The wind power heating method is carried out by the two-phase flow device for wind power heating, and comprises the following processes:

injecting liquid into the two-phase flow heating pipe and forming a liquid column;

pressurizing the gas by using a wind power impeller and a movable static disc of a vortex compressor;

the pressurized gas enters the two-phase flow heat pipe and forms gas-liquid two-phase slug flow with the liquid in the two-phase flow heat pipe to generate friction effect, so that the temperature of the gas-liquid two phase rises;

the gas phase and the liquid phase after the temperature rise enter a gas-liquid separator for gas-liquid separation;

liquid separated by the gas-liquid separator enters the two-phase flow heating pipe again from the liquid reflux port and the liquid inlet to form gas-liquid two-phase slug flow;

when the temperature of the liquid in the gas-liquid separator reaches a preset temperature, outputting the liquid from the liquid output port;

and supplementing liquid into the gas-liquid separator from the liquid supplementing port when the liquid level in the gas-liquid separator is lower than a preset value.

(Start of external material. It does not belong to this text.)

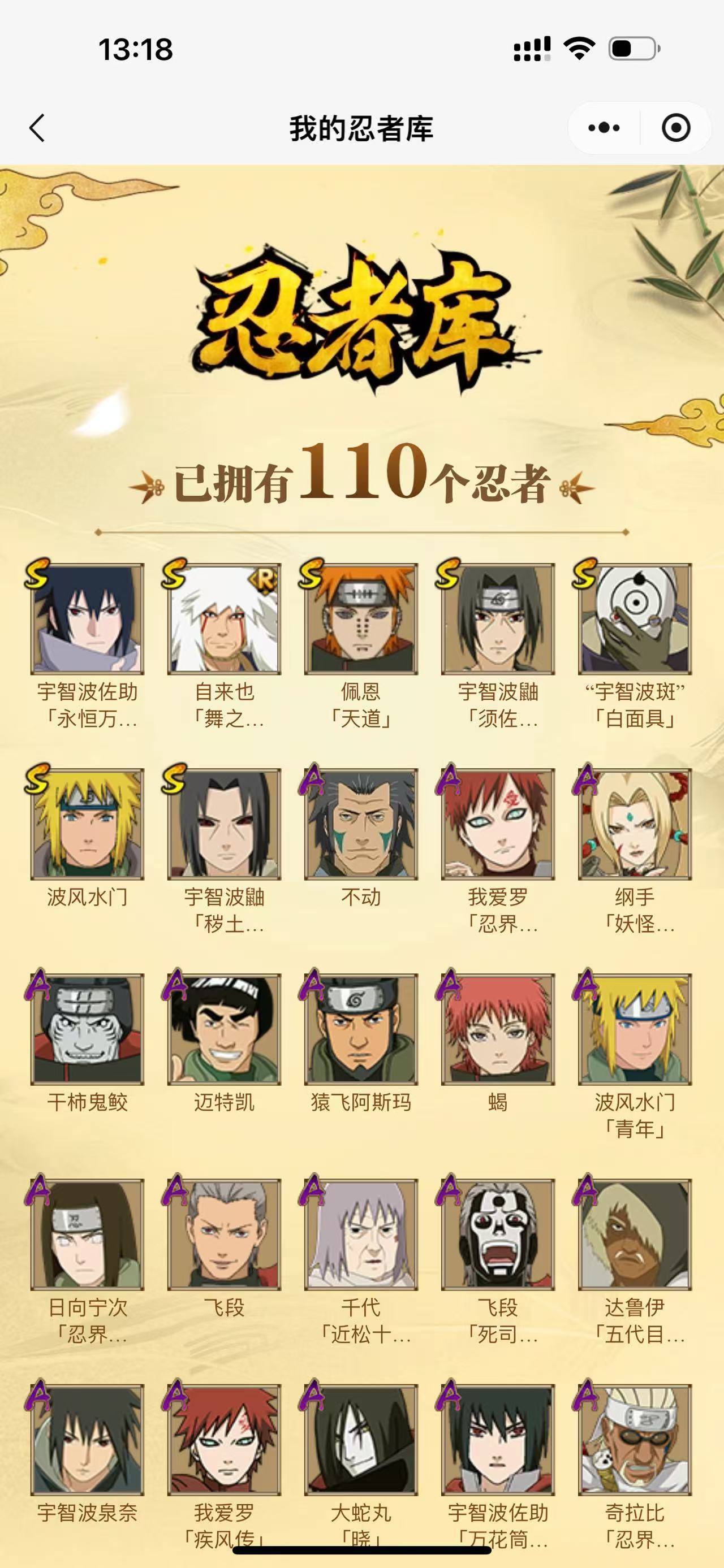 【A忍者】,纲手「妖怪奇谭」,日向宁次「忍界大战」,不动,宇智波泉奈,达鲁伊「五代目雷影」,波风水门「青年」,奇拉比「忍界大战」,迪达拉「秽土转生」,千代「近松十人卫」,我爱罗「忍界大战」,秋道丁次「忍界大战」,大蛇丸「晓」,宇智波佐助「万花筒写轮眼」,漩涡鸣人「仙人模式」,旗木卡卡西「万花筒写轮眼」,飞段「死司凭血」,飞段,我爱罗「疾风传」,蝎,干柿鬼鲛,猿飞阿斯玛,迈特凯,

Preferably, the calculation process of the wind-induced heat quantity E is as follows:

E＝τ(1+S)Q_Lg(ρ_m-ρ_h)L_p sinθ

the temperature rise Δ T of the liquid was calculated as follows:

wherein: tau is the time of wind power heating, S is the gas-liquid ratio, Q is the ratio of gas volume flow to liquid volume flow_LIs a liquidG is the acceleration of gravity, p_mIs the actual average density rho of the gas-liquid two-phase fluid in the two-phase flow heating pipe_hIs a homogeneous density of a gas-liquid two-phase flow, L_pThe length of the two-phase flow heating pipe is theta, and the inclination angle of the two-phase flow heating pipe relative to the horizontal plane is theta; eta_LIs the liquid endotherm, p_LIs liquid density, C_pLIs the isobaric specific heat, V, of a liquid_LIs the total volume of liquid in the device.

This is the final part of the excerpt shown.